Chereads / Astral Knight / Chapter 16 - The man behind the Mahogany Desk

Chapter 16 - The man behind the Mahogany Desk

Dylan stared at the fridge, its shelves skeletal and bare. The meatloaf was gone. The potato salad tub looked like it had been licked clean by a feral animal. Even the jar of pickles Aunt Marla's 'sacred' pickles, the ones she'd warned him never to touch was empty, its brine pooling at the bottom like a sad, salty puddle. His stomach growled, loud and insistent, as if he hadn't just eaten enough to fuel a small army.

*What the hell is wrong with me?*

He slammed the fridge door shut, the sound too loud in the silent kitchen. His reflection in the stainless steel warped back at him pale, greasy-haired, eyes wide with a mix of guilt and panic. Aunt Marla would be home soon. She'd open the fridge, and her face would do that thing. The 'thing'. The slow blink, the pressed lips, the sigh that sounded less like disappointment and more like grief.

"You're eating again," she'd say, trying to sound cheerful. "That's… good, right?"
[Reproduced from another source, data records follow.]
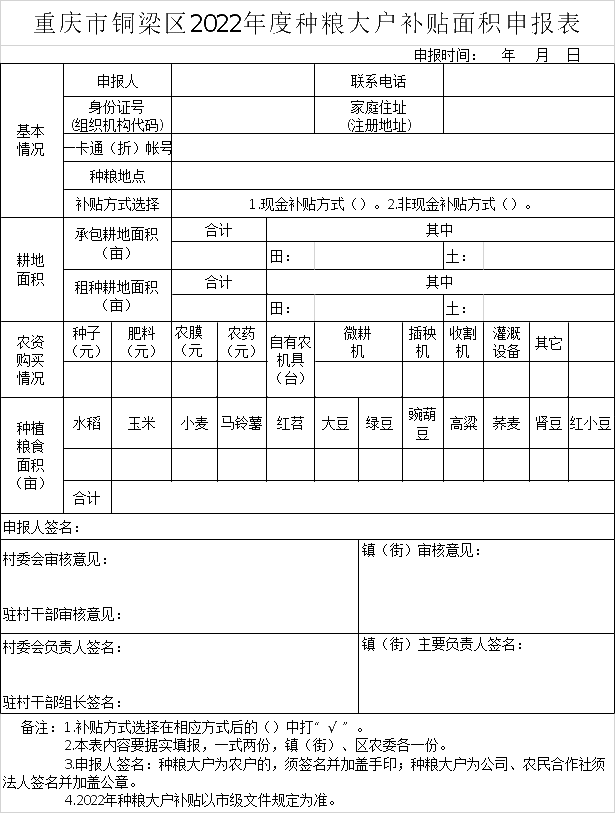 1.申报备案及村级审查、公示。种粮大户本人按照本通知相关要求自愿申报2022年补贴面积(按程序核定的2021年实际种粮面积),粮食作物种植面积经村社审查认可后由镇(街)统一部署在本村社人口集中地进行村级公示,公示必须按照统一格式印制张贴,具体内容包括:种粮大户姓名、种粮地点、种植作物、面积和区农业农村委监督电话45695335、区财政局监督电话45682129,公示时间不少于7天,对有异议的,重新查实审核后再公示,直至群众认可(下同)。公示无异议后经驻村干部审核签字、村委会签署意见后,于2021年10月15日前向耕种所在地的镇街申报,如实填报《重庆市铜梁区2022年度种粮大户补贴面积申报表》(附件3)。
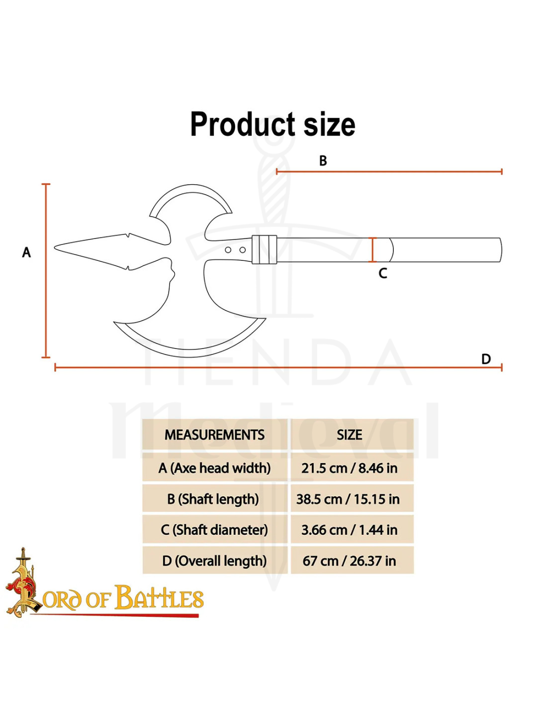 The reinforced union between the head and shaft offers stability, improving responsiveness in every technique, while the compact size facilitates fluid and agile strikes without sacrificing strength or presence. If you want to buy the Medieval Carbon Steel Axe Model Halberd for a collection with character, a historical representation, or a show, this piece combines aesthetics and functionality.
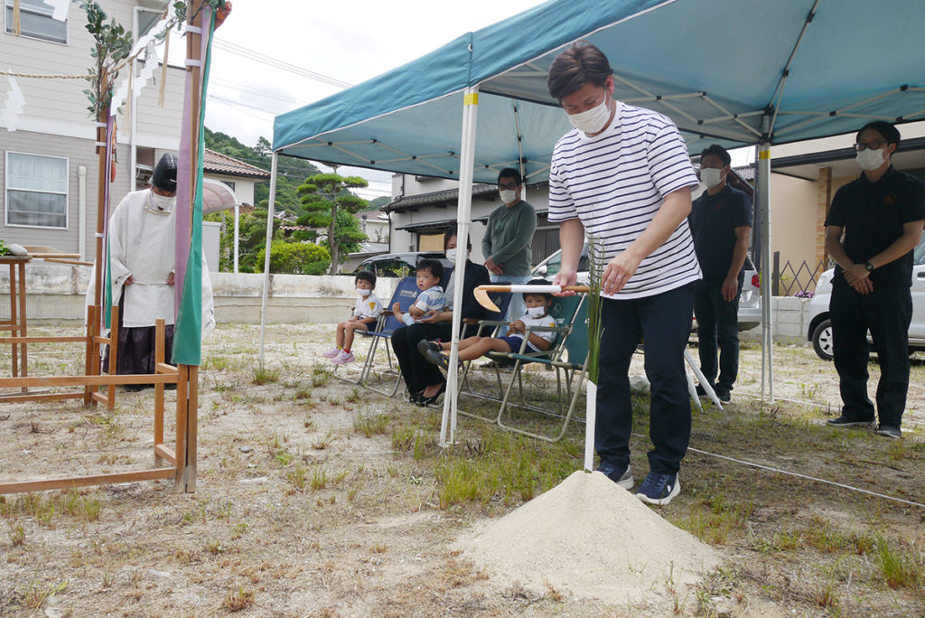 土地の四隅を北東、南東、南西、西北、の順にお神酒、お塩を撒いて祓い清めます!
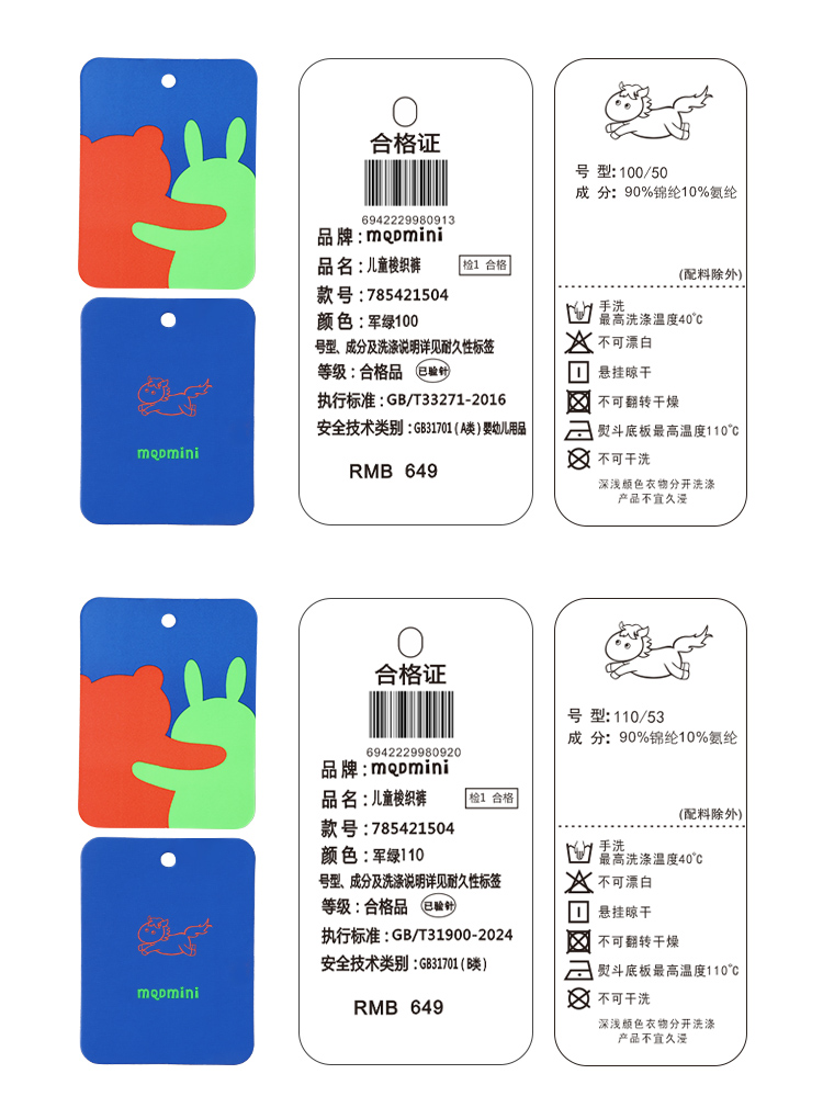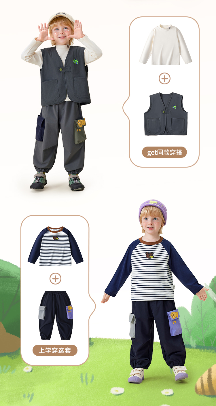 【90-140】【MQDmini】男童春秋工装裤梭织长裤
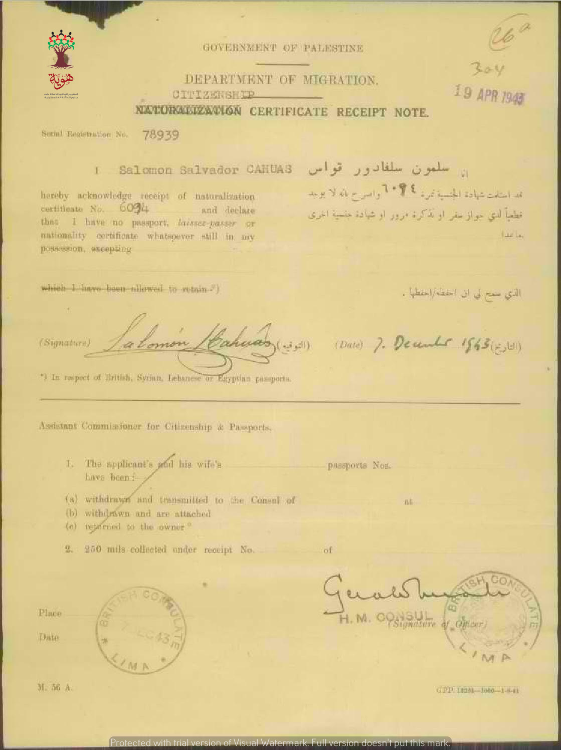 إيصال موقع من سلمون سلفادور قواس باستلام شهادة الجنسية الفلسطينية
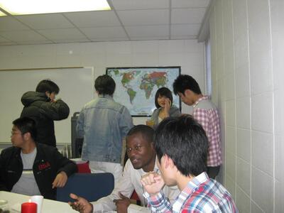The English Language Institute prepared non-native English speakers for university study in the United States through immersive courses in the English language and American history and culture. Participants and guests gathered for an ELI Christmas Party inside Salls Hall in 2010.
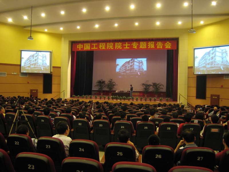 6月10日,为我市深入开展学习实践科学发展观活动,由江门市科学技术协会、五邑大学、江门市土木建筑学会联合在五邑大学吕志和大会堂举办了中国工程院容柏生、周福霖院士报告会。参加报告会有我市土木建筑专业人员、建筑企业负责人、五邑大学建筑系师生共计1200多人次。报告会还邀请了政府有关部门的领导、周边兄弟市级土木建筑学会的负责人参加,江门市政协副主席、市科协主席赵树培出席并主持大会。
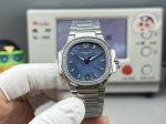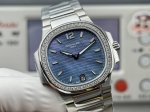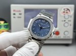 Gr, Patek Philippe, Diamonds +50 DDD Ladies' Nautilus 7018 1A-010 DDD Custom Gradient Blue Mother-of-Pearl Dial with Water Ripple Pattern DDD Thickness 8.6Mm Synchronized with Official DDD Movement 9015 Modified Cal.324 with Non-Stop Seconds Adjustment DDD
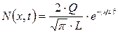 2. Случай ограниченного источника примеси. В этом случае сначала в тонкий приповерхностный слой пластины вводят некоторое количество атомов диффузанта, а потом источник диффузанта отключают и атомы примеси перераспределяются по глубине пластины при неизменном их общем количестве. Первую стадию процесса называют «загонкой», вторую – разгонкой примеси.

But it wasn't good. Not like this. Not when he'd devoured a week's worth of groceries in two hours. Not when his appetite felt less like hunger and more like a black hole, sucking in everything it touched.

He slumped against the counter, clutching his stomach. It ached, stretched tight as a drum, but the gnawing emptiness beneath the pain was worse. Like his body was digesting itself.

*Maybe you're dying. Maybe NovaGen poisoned you. Maybe this is how it ends exploding in a kitchen, surrounded by empty Tupperware.*

The thought almost made him laugh. Almost.

Last month, Aunt Marla had dragged him to Dr. Pritchett, the family GP with a mustache that looked like two caterpillars fighting. "Depression can suppress appetite," Pritchett had droned, typing notes into a computer older than Dylan. *"But this? This is… *unusual.*"*

Unusual. That was the understatement of the century. Dylan hadn't just 'lost' his appetite he'd lost the ability to taste, to care. Food was ash. Water was glue. But now? Now he couldn't stop.

He grabbed a sponge and scrubbed at the counter, erasing crumbs and grease stains like they were evidence. The clock ticked. The sink dripped. Normal sounds. 'Human' sounds. But his mind kept looping back to the static, the gaps, the woods.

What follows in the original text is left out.